- [Requirement]:
Once you reach the line with "Замок для стеклянной" below, copy each line exactly, stopping after the line with "has signed on…", and skip any pictures.

- [Records for the exercise]:
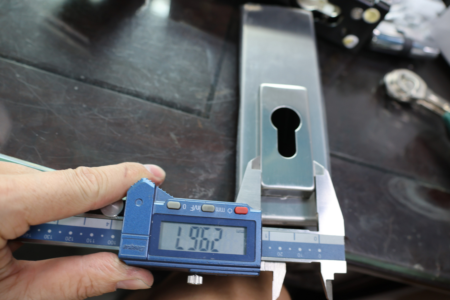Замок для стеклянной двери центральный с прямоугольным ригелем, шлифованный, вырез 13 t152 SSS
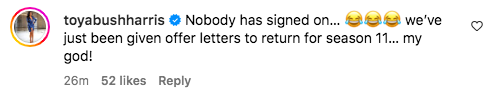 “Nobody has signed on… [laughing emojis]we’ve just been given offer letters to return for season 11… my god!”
--
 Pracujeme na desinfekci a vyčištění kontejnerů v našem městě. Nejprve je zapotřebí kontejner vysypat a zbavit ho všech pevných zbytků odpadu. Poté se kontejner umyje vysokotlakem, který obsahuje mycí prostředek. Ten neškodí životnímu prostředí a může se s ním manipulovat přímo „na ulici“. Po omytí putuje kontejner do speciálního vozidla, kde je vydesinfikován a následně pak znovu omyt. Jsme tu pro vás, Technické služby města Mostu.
==
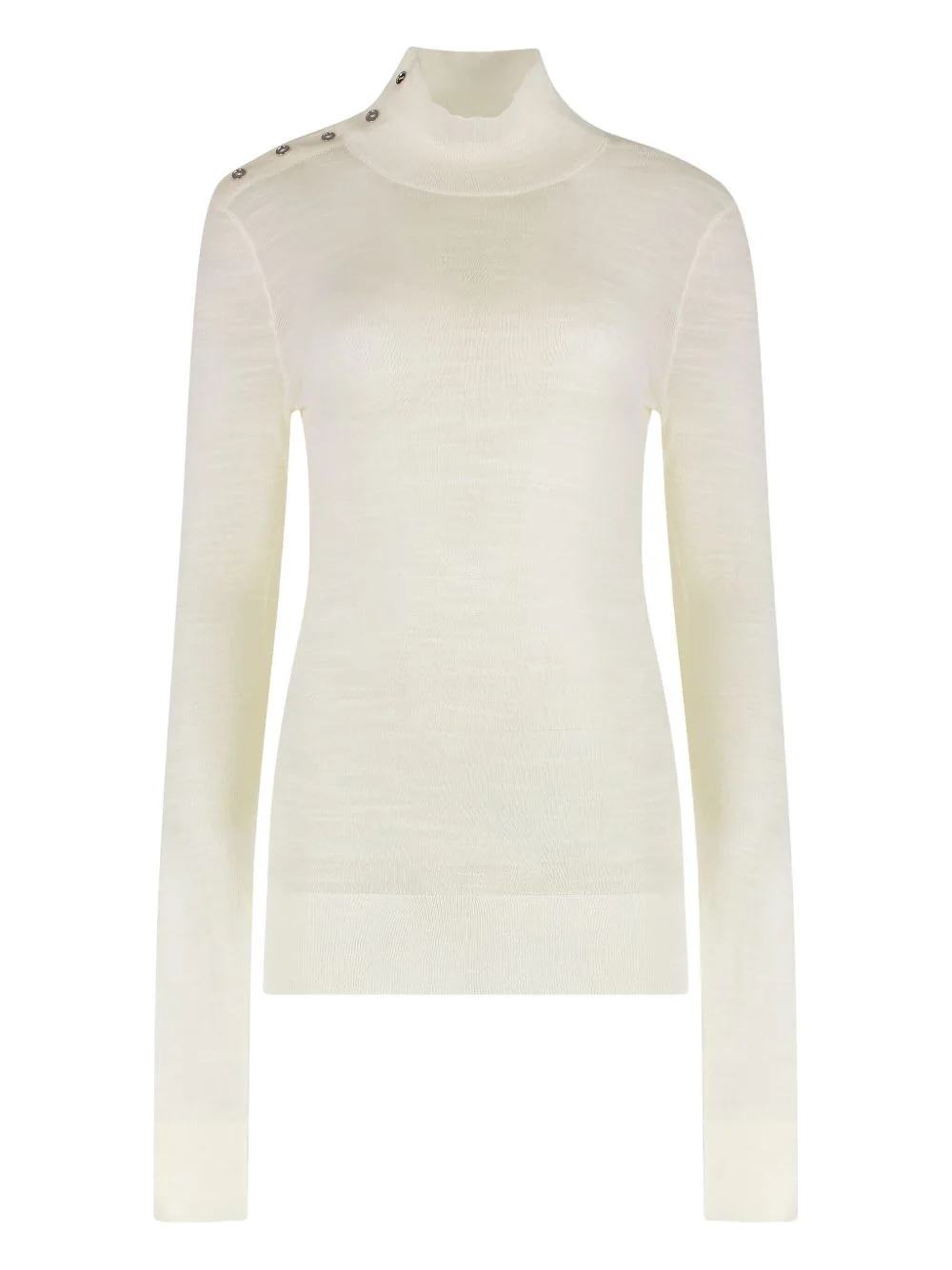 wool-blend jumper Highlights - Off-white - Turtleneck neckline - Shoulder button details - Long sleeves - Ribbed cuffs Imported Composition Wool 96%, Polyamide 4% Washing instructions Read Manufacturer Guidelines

- [Response to this exercise]:
Замок для стеклянной двери центральный с прямоугольным ригелем, шлифованный, вырез 13 t152 SSS
 “Nobody has signed on… [laughing emojis]we’ve just been given offer letters to return for season 11… my god!”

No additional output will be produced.